Saalivaahanan is a Tamil language film starring Ranjan, T. R. Rajakumari, M. G. Ramachandran and K. L. V. Vasantha. The film was released in 1945. No print of the film is known to survive, making it a lost film.

== Cast ==
- Male
- Ranjan as Saalivahanan
- M. G. Ramachandran as Vikramaditya
- Nagercoil K. Mahadevan
- T. S. Balaiah
- N. S. Krishnan
- Female
- T. R. Rajakumari as Princess Chandralekha
- K. L. V. Vasantha as Vikramaditya's sister
- M. R. Santhanalakshmi
- T. A. Madhuram

== Production ==
The film had a sequence, a love scene between Ranjan and T. R. Rajakumari, in colour.
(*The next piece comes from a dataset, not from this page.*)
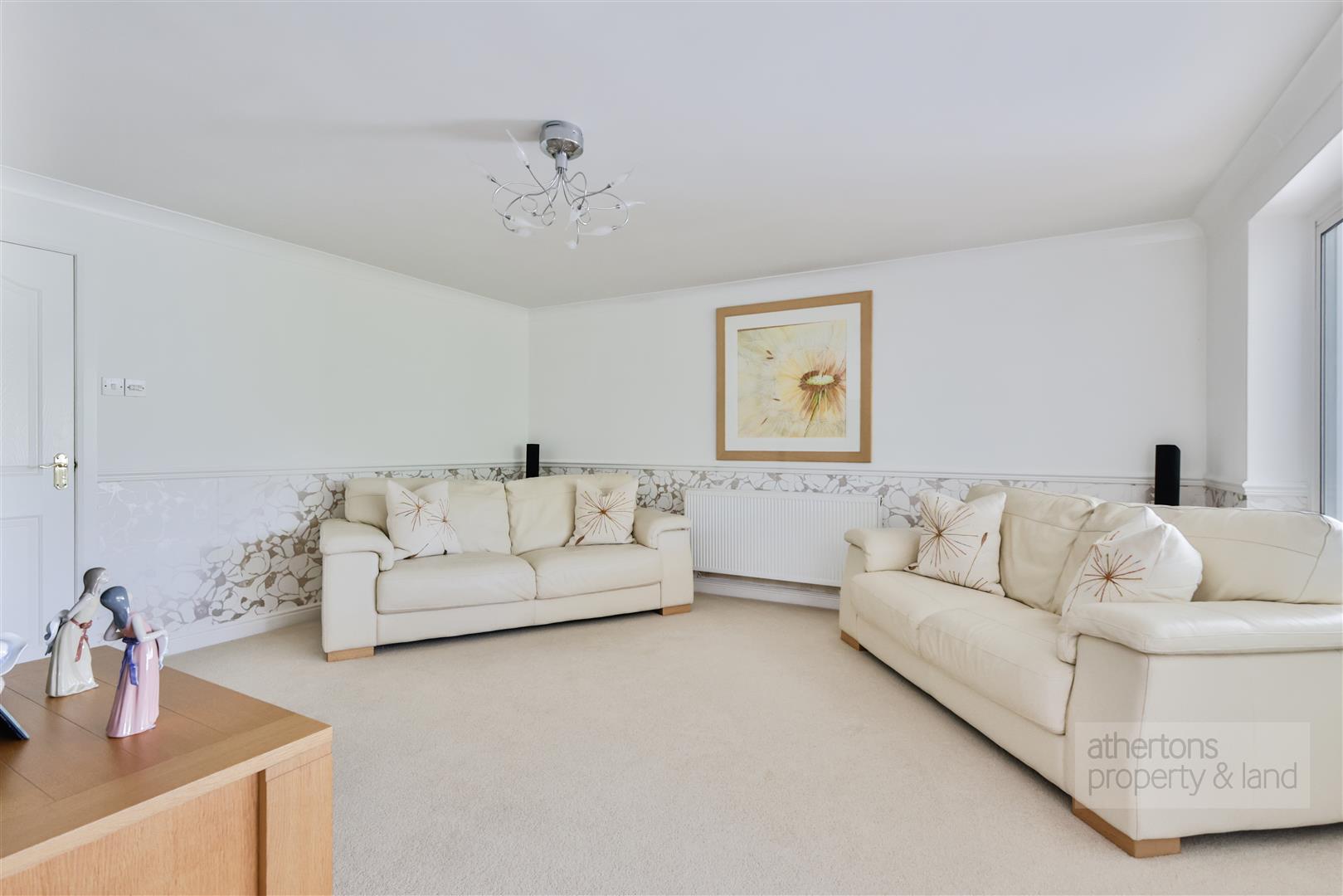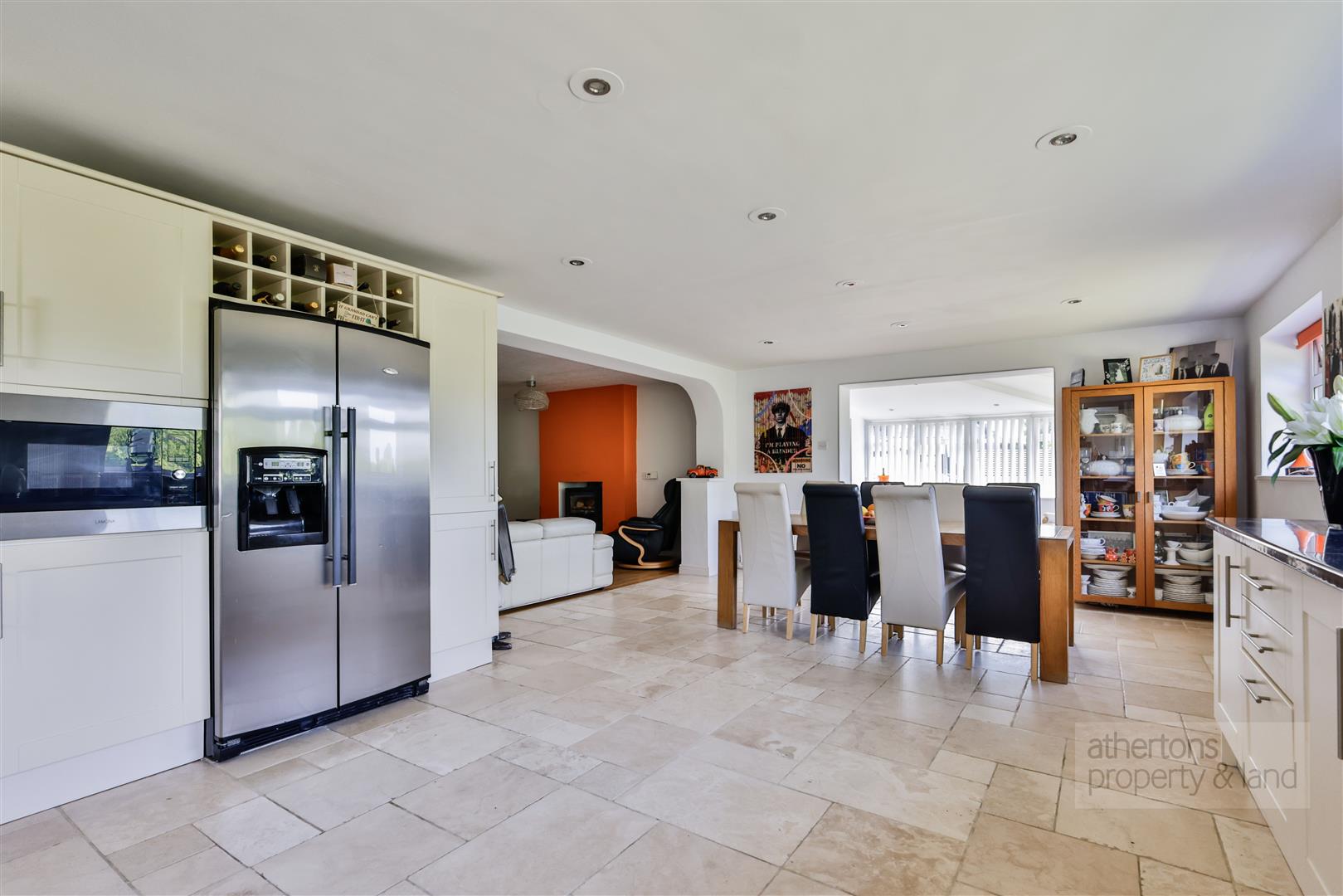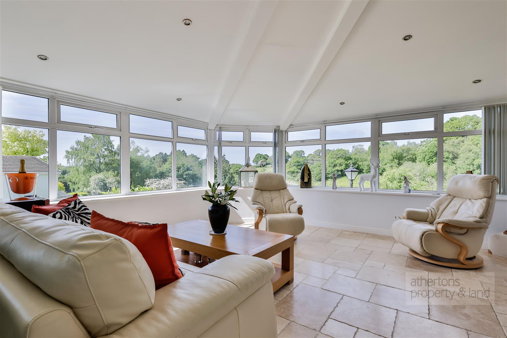 The generously sized living room connects effortlessly to a bright sunroom via sliding glazed doors. This wonderful space is perfect for relaxing or hosting guests, with expansive garden views, double glazed windows, and a warm roof allowing year-round use. A comfortable snug, ideal as a second lounge or reading nook, features a Stovax log-burning stove and opens into the heart of the home—a spacious kitchen/diner extending over 24 feet wide. This kitchen includes a comprehensive range of base and wall units, integrated appliances including a Stoves electric double oven, induction hob with extractor, dishwasher, combination microwave, and dual-bowl sink with drainer. There is space for a fridge/freezer, tiled flooring throughout, and breathtaking views to the rear, as well as external access and open links to both the snug and sunroom.

It was done by hand-tinting each frame of the sequence. M. G. Ramachandran, who was acting in minor roles at that time, played as villain. According to film historian Randor Guy, during the shooting of a sword fight between Ranjan and Ramachandran, the latter complained to the director that "Ranjan was putting in too much of realism in the fencing which was likely to hurt him!"

== Soundtrack ==
1. Kayirai edutthukko by N. S. Krishnan & T. A. Madhuram

== Reception ==
According to film historian Randor Guy, Saalivaahanan did not do well at the box office and the producers lost heavily in the process. He stated the film would be remembered for coloured sequence and the comedy of Krishnan-Mathuram.